Calculate False Positive Rate:

False Positive Rate = (Anomalies / Total Samples) * 100

Acceptable rates:

< 1%: Excellent (operators won’t ignore alerts)
1-5%: Good (manageable)
5-10%: Marginal (alarm fatigue risk)
10%: Poor (operators will ignore alerts)

Step 4.2: Adjusting sigma threshold¶

Edit config/anomaly_detection.yml:

# More sensitive (more false positives)
sigma_threshold: 2.0  # Detects 95% deviations

# Less sensitive (fewer false positives, may miss attacks)
sigma_threshold: 4.0  # Detects 99.99% deviations

# Balanced (recommended)
sigma_threshold: 3.0  # Detects 99.7% deviations

Test impact:

Set threshold to 2.0, run normal operations, count anomalies
Set threshold to 4.0, run attack, check if detected
Find optimal balance for your environment

Step 4.3: Adjusting learning window¶

# Faster baseline, less stable
learning_window: 500

# Slower baseline, more stable
learning_window: 2000

# Balanced
learning_window: 1000

Trade-offs:

Large window: Stable baseline, but slow to adapt to operational changes
Small window: Fast adaptation, but noisy and less reliable

Step 4.4: Adjusting rate limits¶

# Strict (may catch legitimate fast changes)
rate_limits:
  - device: turbine_plc_1
    parameter: speed
    max_rate: 5.0  # Very slow changes only

# Lenient (may miss gradual attacks)
rate_limits:
  - device: turbine_plc_1
    parameter: speed
    max_rate: 20.0  # Allows faster changes

# Balanced
rate_limits:
  - device: turbine_plc_1
    parameter: speed
    max_rate: 10.0  # Moderate rate

Finding the Right Rate:

Observe normal operations during setpoint changes
Measure actual rate of change during normal ops
Set limit slightly above normal maximum
Test with attacks to ensure detection

Part 5: Attack detection scenarios¶

Scenario 1: Sudden overspeed attack¶

Attack: Attacker suddenly sets turbine to 1900 RPM.

Detection:

python tools/blue_team.py anomaly list --limit 10

Expected Results:

✓ Range limit violation (1900 > 1800 max)
✓ Rate-of-change violation (sudden jump)
✓ Statistical anomaly (far from baseline mean)
Severity: HIGH or CRITICAL

Response:

Investigate source of command
Check authentication logs
Verify if authorized operation
Initiate emergency shutdown if needed

Scenario 2: Gradual attack (boiling frog)¶

Attack: Slowly increase speed 2 RPM every 10 seconds.

Detection Challenge:

✗ Rate limit not violated (2 RPM/10sec = 0.2 RPM/sec < 10 limit)
? Statistical baseline may detect (if increase continues)
✓ Range limit eventually violated (at 1800 RPM)

Detection Timeline:

t=0: Speed 1500 RPM (normal)
t=1500s: Speed 1800 RPM (range limit reached)
Result: Attack detected after 25 minutes

Mitigation:

Tighter rate limits (catches gradual changes)
Alarm on sustained one-direction trends
Require authorisation for setpoint changes

Scenario 3: Reconnaissance (parameter reading)¶

Attack: Attacker reads all parameters to map system.

Detection Challenge:

✗ Read operations don’t affect process values
✗ Anomaly detection doesn’t see reads
Need: IDS/IPS or protocol analysis

Lesson: Anomaly detection complements but doesn’t replace other controls.

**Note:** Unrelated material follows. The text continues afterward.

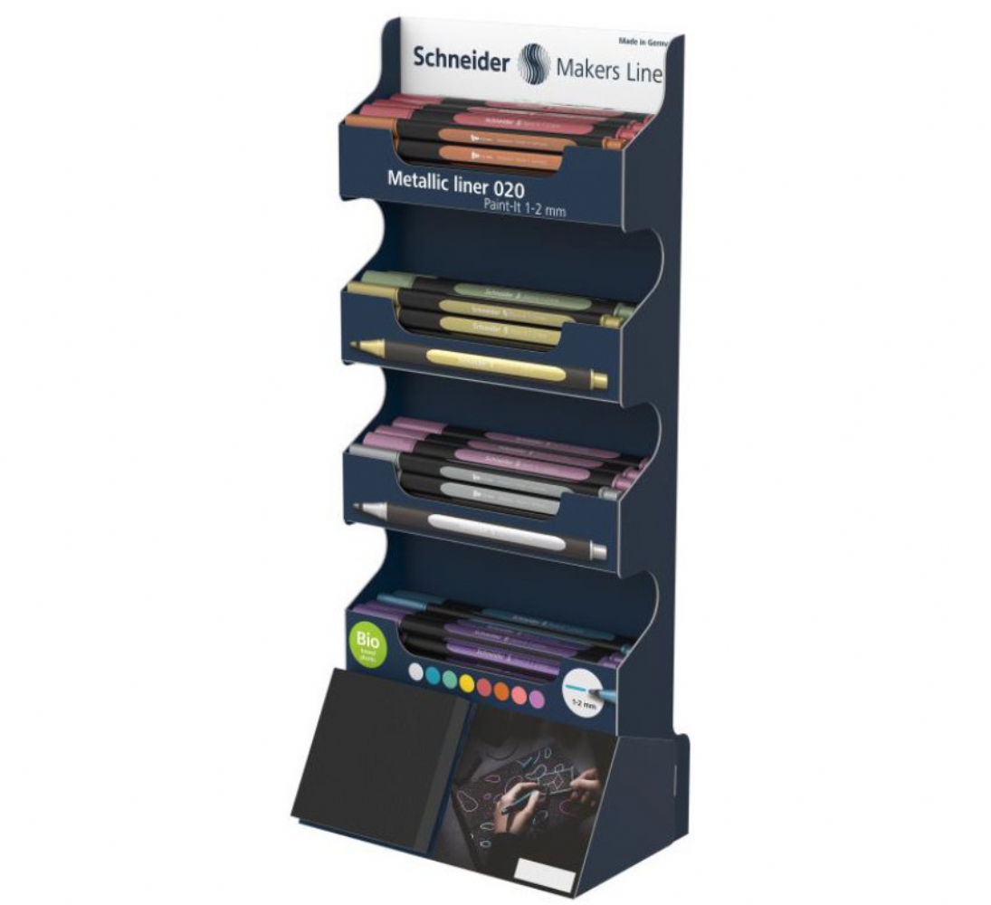 Pennarelli Schneider METALLIC LINER. 8 colori metallici a punta fina da 1-2 mm (varia in base all'inclinazione del pennarello) Venduti singolarmente Colori: silver metallic - argento polar blue metallic - blu gold metallic - oro vintage green metallic - verde vintage red metallic - rosso copper metallic - arancione rose metallic - lilla frosted violet metallic - viola |
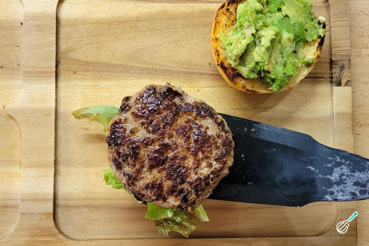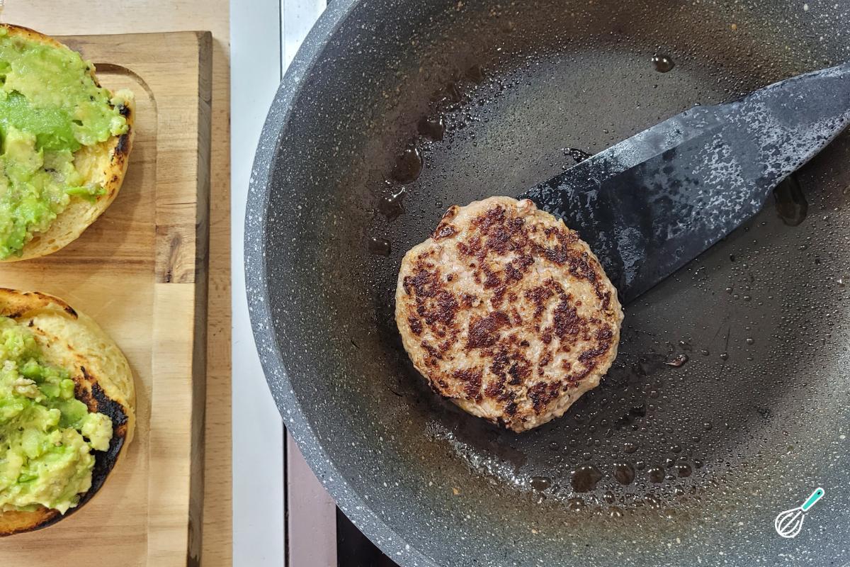 Espalhe o abacate amassado nas duas fatias de pão. Quando o hambúrguer estiver bem dourado de um lado, vire e deixe dourar do outro lado. Depois abaixe um pouco o fogo para que termine de cozinhar por dentro até chegar no ponto que quiser.

Scenario 4: Sensor manipulation¶

Attack: Attacker falsifies sensor readings instead of control outputs.

Detection:

Statistical anomaly if sensor value deviates
But actual process may be unaffected
Physical sensors may show different values

Response:

Compare sensor readings to expected physics
Cross-check multiple sensors
Verify sensor calibration

Part 6: Operational challenges¶

1: Startup anomalies¶

Problem: System startup creates anomalies (not attacks).

Solution:

# Disable detection during startup
# Or accept high false positive rate
# Or have separate startup baseline

Best Practice:

Suppress anomalies during known maintenance windows
Log as INFO instead of WARNING during startup
Resume normal detection after stabilisation period

2: Mode changes¶

Problem: Operating modes have different normal ranges.

Example:

Startup mode: 0-1000 RPM (ramping up)
Normal mode: 1400-1600 RPM (steady state)
Peak demand: 1600-1800 RPM (high output)

Solution:

Mode-aware baselines
Switch detection parameters based on current mode
Or wider limits that cover all modes (less sensitive)

3: Seasonal variations¶

Problem: Load patterns change with seasons (winter vs summer demand).

Solution:

Periodic baseline retraining
Seasonal adjustment factors
Longer learning windows to capture variations

4: Maintenance operations¶

Problem: Legitimate maintenance violates baselines.

Solution:

Maintenance mode flag (disables/relaxes detection)
Require authorisation + justification
Enhanced logging during maintenance
Resume normal detection after maintenance

Part 7: Combining detection methods¶

Defence in depth: All detection layers¶

Challenge 4 (Anomaly Detection) works with other challenges:

Layer 1: Protocol Filtering (Challenge 5)

Blocks dangerous function codes
Prevents batch writes (FC 15/16)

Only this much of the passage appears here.